Task details
Each record needs to be transcribed word for word, though without its pictures.

━━━━

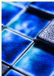
Verk och foto: Haruhiko Kaneko.

Ny dubbelutställning på Keramiskt center. I Galleriet kommer mer än hundrafemtio antika och unika föremål att berätta om den japanska keramikens dramatiska historia – starkt förknippad med bland annat samurajkulturen. Keramiskt Center, Gärdesgatan 4B, Höganäs. http://keramisktcenter.se
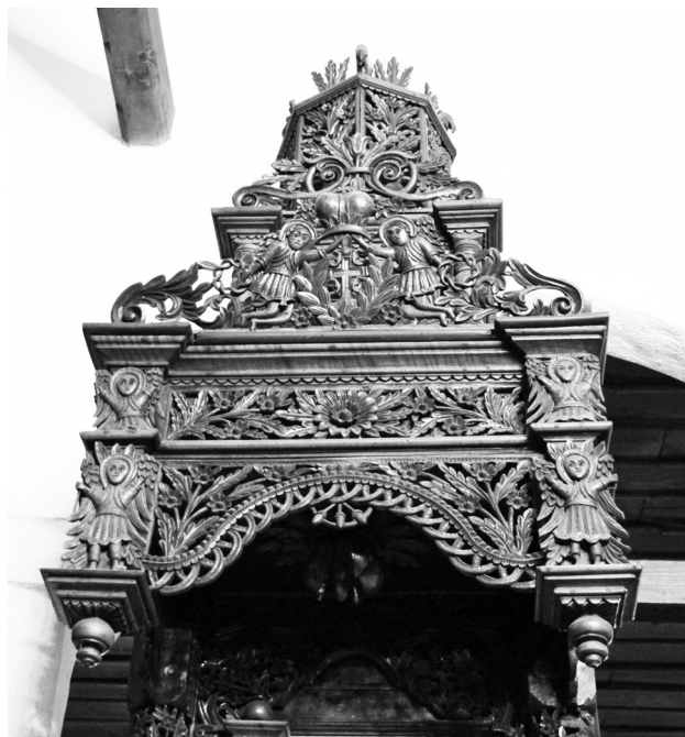
Сл. 2. Владарски трон, црква Рођења пресвете Богородице (Оцаклија) у Лесковцу, око 1882, детаљ балдахина
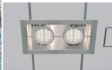
2灯セットで8台のLED投光器を設置
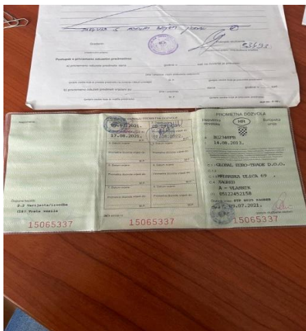
5. Peugeot Partner – prometna dozvola

━━━━

Response box
Verk och foto: Haruhiko Kaneko.

Ny dubbelutställning på Keramiskt center. I Galleriet kommer mer än hundrafemtio antika och unika föremål att berätta om den japanska keramikens dramatiska historia – starkt förknippad med bland annat samurajkulturen. Keramiskt Center, Gärdesgatan 4B, Höganäs. http://keramisktcenter.se
Сл. 2. Владарски трон, црква Рођења пресвете Богородице (Оцаклија) у Лесковцу, око 1882, детаљ балдахина
2灯セットで8台のLED投光器を設置
5. Peugeot Partner – prometna dozvola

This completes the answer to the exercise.